--- START ---

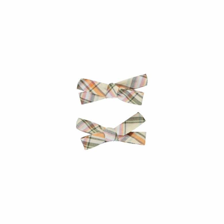 Набор фирменных бантиков в разноцветную клетку, собранных вручную, идеально подходящих для маленьких косичек. Бантики изготовлены из органического хлопка и крепятся на зажим из кожи аллигатора. Ручная работа. Идеально подходит под платье Astrid.Производство: ПОРТУГАЛИЯ
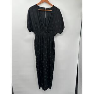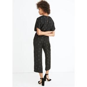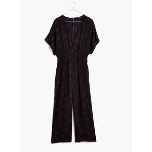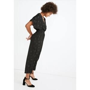 MADEWELL Wrap-Front Smock-Waist Black Jumpsuit in Dot Jacquard // S
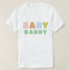 Celebrate the baby and parents to be at a shower with colourful and fun "baby daddy" shirt with colours of pink, orange, green, mint, and sky blue. The father to be can wear this cute t-shirt for photo shoots, at a couple's shower and for any occassion he or the baby mama dictates.
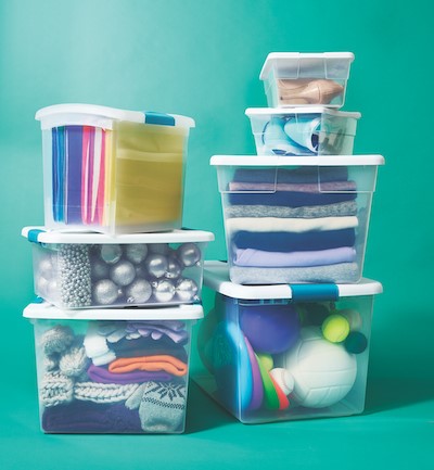 Look around for any off-season items that you don't need in the coming months. Seasonal decorations, accessories, sporting equipment, for example—store these items in Sterlite, Hefty, and other covered bins.
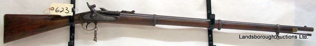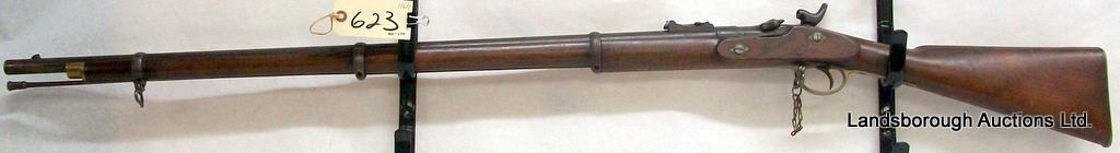 ANTIQUE, SINGLE SHOT, 57 SNIDER, 36" BARREL, SN NONE. WOOD HAS SCRATCHES AND DNETS, BLUING IS BROWN, BORE HAS PITTING, RIFLING PROMINENT.
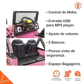 CARACTERÍSTICAS - Idade Recomendada: A partir de 3 anos - Suporta até 25 kg - 2 Bancos - Possui cinto de segurança - Central de Mídia - Faróis de LED - Controle Remoto 2.4G RC - Espaço Bagageiro - Suspensão nas 4 Rodas - Possui 4 rodas antichoque. - Bateria de 12V recarregável - Produz luz e som - Entrada USB para MP3 player - Ajuste de volume - Anda de frente e marcha ré - Decorada com lindos adesivos - Aprovada pelo INMETRO
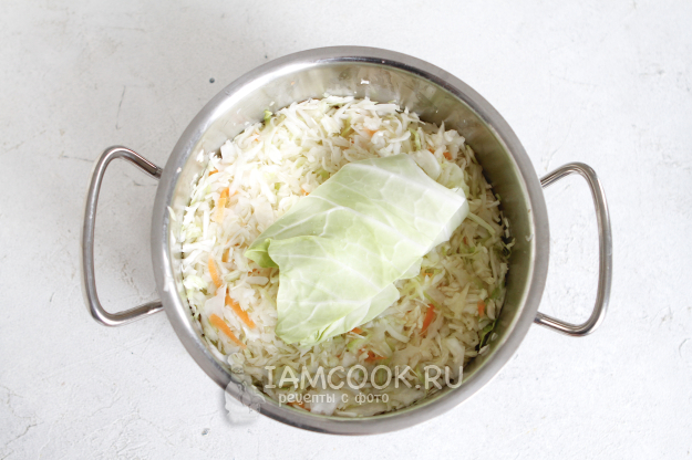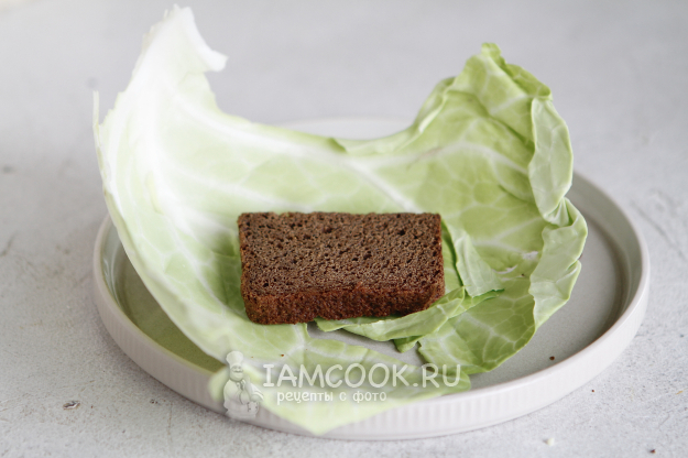 На дно кастрюли или контейнера выложите капустный лист с хлебом.
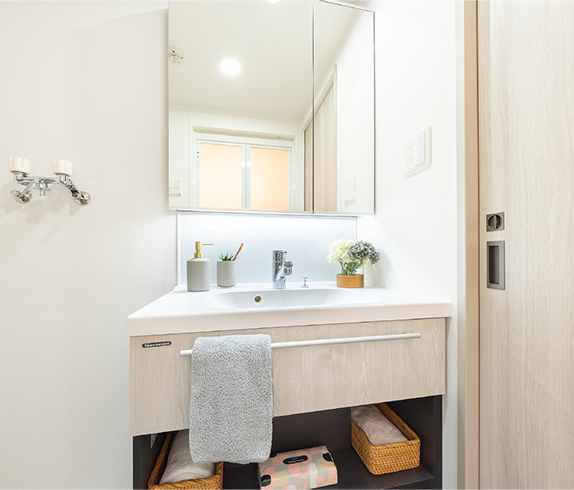 清潔感と使いやすさを両立した洗面スペース。
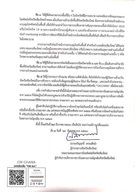 คำสั่งคณะกรรมการโรคติดต่อจังหวัดเชียงใหม่ ที่ 35/2563
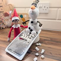 Olaf “melting” through a cheese grater, leaving behind mini marshmallow snowflakes.
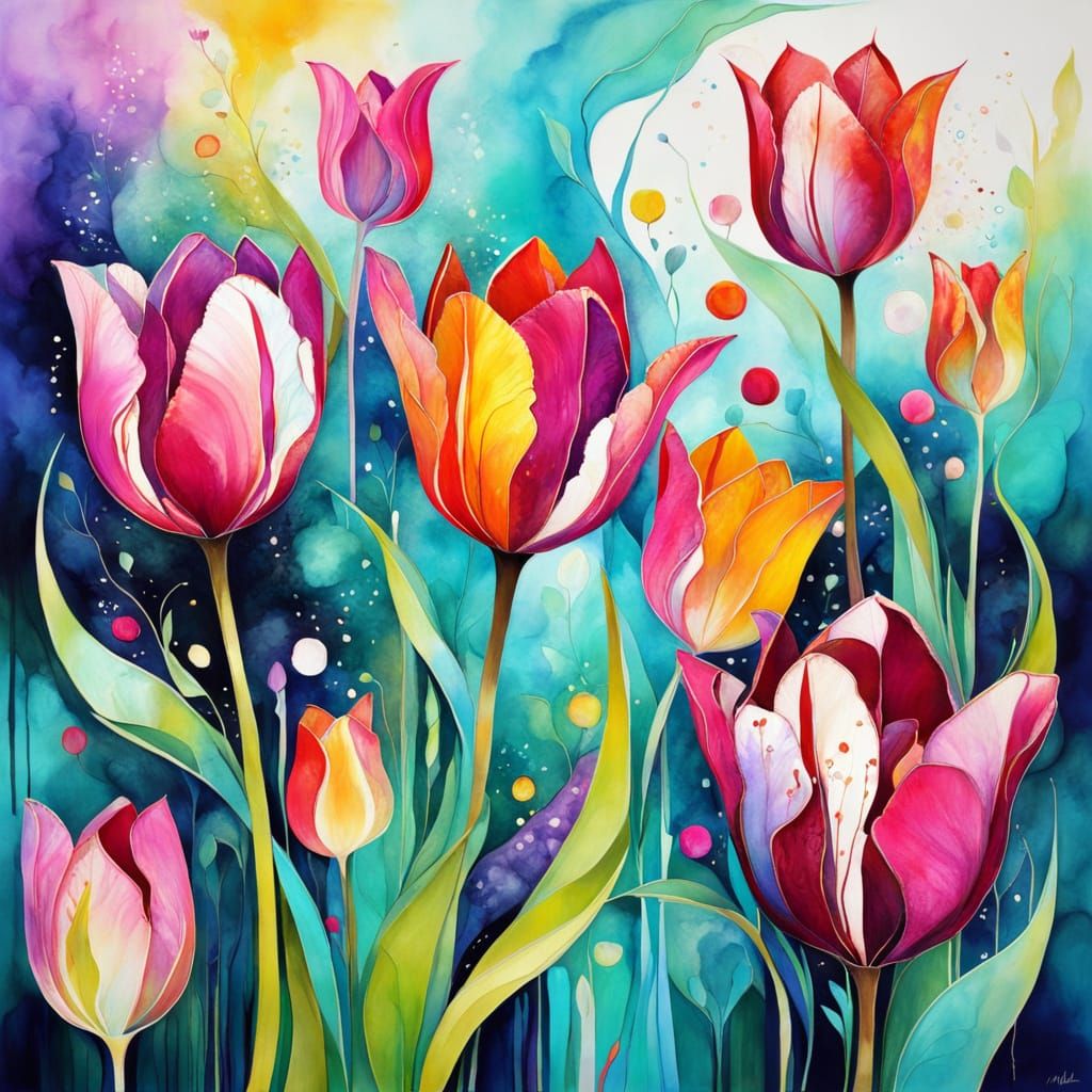 This image shows abstract tulips illustrated with alcohol ink in magical triadic colors. The arabesque design evokes a sense of fluidity in a surreal style.
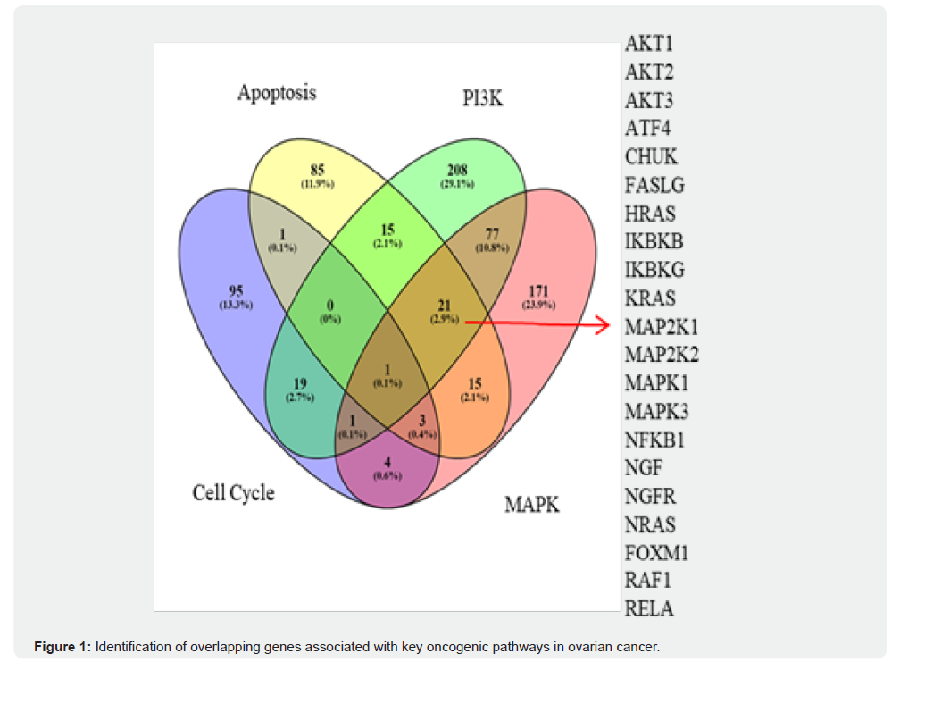 A total of 4,204 differentially expressed genes (DEGs) were identified in OC samples, among which 100 genes showed significant association with overall survival (OS) in OC patients. The intersection between DEGs and OS-related genes revealed 16 key genes with both differential expression and prognostic significance. Comparative analysis with GSE7463 and GSE14407 datasets identified 432 overlapping DEGs, including 159 upregulated and 274 downregulated genes. The Venn diagram illustrates the distribution of DEGs across four critical signalling pathways apoptosis, PI3K, MAPK, and cell cycle highlighting the genes uniquely enriched in each pathway as well as shared subsets across multiple pathways. These overlapping genes represent potential drivers of OC pathophysiology and candidate prognostic markers.
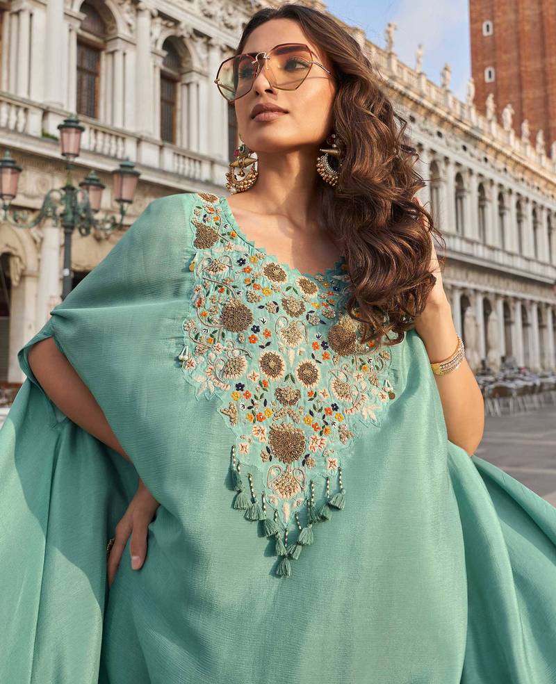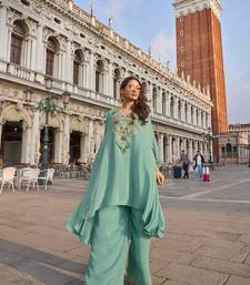 Sea green crepe silk top palazzo with thread-zari embroidery beads stones and sequin-full stitched free size
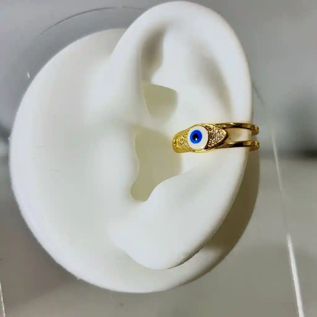 Ear cuff con figura de ojo turco y piedras, sin necesidad de perforación. Baño de Oro de 24K.
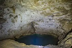 Motena Cave is a karst cave, formed in Askhi karst massif.[4] The total length of the cave is 75 m. It has two storey with big hall on each connected by a narrow passage. The first hall is 30 m in length and 24–25 m in height.[2] Cave is naturally decorated with many stalactites, stalagmites, travertine cascades and cave curtains.[5][6] Part of the cave has collapsed and mortared stone wall is protecting cave interior.[7]
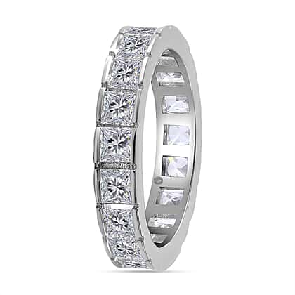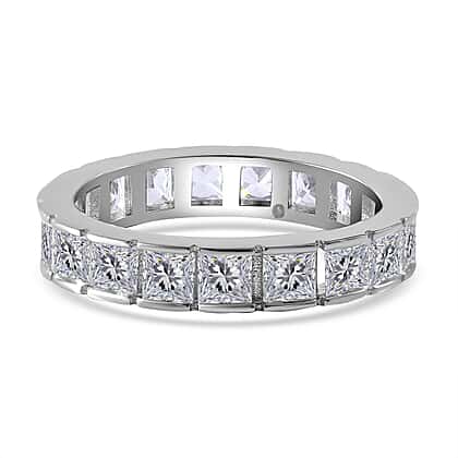 White Cubic Zirconia Ring in Rhodium Overlay Sterling Silver 4.97 ct 4.970 Ct.

--- END ---

Exercise description
Once the pictures have been removed, reproduce each line of the material above exactly.

Exercise response
 Набор фирменных бантиков в разноцветную клетку, собранных вручную, идеально подходящих для маленьких косичек. Бантики изготовлены из органического хлопка и крепятся на зажим из кожи аллигатора. Ручная работа. Идеально подходит под платье Astrid.Производство: ПОРТУГАЛИЯ
 MADEWELL Wrap-Front Smock-Waist Black Jumpsuit in Dot Jacquard // S
 Celebrate the baby and parents to be at a shower with colourful and fun "baby daddy" shirt with colours of pink, orange, green, mint, and sky blue. The father to be can wear this cute t-shirt for photo shoots, at a couple's shower and for any occassion he or the baby mama dictates.
 Look around for any off-season items that you don't need in the coming months. Seasonal decorations, accessories, sporting equipment, for example—store these items in Sterlite, Hefty, and other covered bins.
 ANTIQUE, SINGLE SHOT, 57 SNIDER, 36" BARREL, SN NONE. WOOD HAS SCRATCHES AND DNETS, BLUING IS BROWN, BORE HAS PITTING, RIFLING PROMINENT.
 CARACTERÍSTICAS - Idade Recomendada: A partir de 3 anos - Suporta até 25 kg - 2 Bancos - Possui cinto de segurança - Central de Mídia - Faróis de LED - Controle Remoto 2.4G RC - Espaço Bagageiro - Suspensão nas 4 Rodas - Possui 4 rodas antichoque. - Bateria de 12V recarregável - Produz luz e som - Entrada USB para MP3 player - Ajuste de volume - Anda de frente e marcha ré - Decorada com lindos adesivos - Aprovada pelo INMETRO
 На дно кастрюли или контейнера выложите капустный лист с хлебом.
 清潔感と使いやすさを両立した洗面スペース。
 คำสั่งคณะกรรมการโรคติดต่อจังหวัดเชียงใหม่ ที่ 35/2563
 Olaf “melting” through a cheese grater, leaving behind mini marshmallow snowflakes.
 This image shows abstract tulips illustrated with alcohol ink in magical triadic colors. The arabesque design evokes a sense of fluidity in a surreal style.
 A total of 4,204 differentially expressed genes (DEGs) were identified in OC samples, among which 100 genes showed significant association with overall survival (OS) in OC patients. The intersection between DEGs and OS-related genes revealed 16 key genes with both differential expression and prognostic significance. Comparative analysis with GSE7463 and GSE14407 datasets identified 432 overlapping DEGs, including 159 upregulated and 274 downregulated genes. The Venn diagram illustrates the distribution of DEGs across four critical signalling pathways apoptosis, PI3K, MAPK, and cell cycle highlighting the genes uniquely enriched in each pathway as well as shared subsets across multiple pathways. These overlapping genes represent potential drivers of OC pathophysiology and candidate prognostic markers.
 Sea green crepe silk top palazzo with thread-zari embroidery beads stones and sequin-full stitched free size
 Ear cuff con figura de ojo turco y piedras, sin necesidad de perforación. Baño de Oro de 24K.
 Motena Cave is a karst cave, formed in Askhi karst massif.[4] The total length of the cave is 75 m. It has two storey with big hall on each connected by a narrow passage. The first hall is 30 m in length and 24–25 m in height.[2] Cave is naturally decorated with many stalactites, stalagmites, travertine cascades and cave curtains.[5][6] Part of the cave has collapsed and mortared stone wall is protecting cave interior.[7]
 White Cubic Zirconia Ring in Rhodium Overlay Sterling Silver 4.97 ct 4.970 Ct.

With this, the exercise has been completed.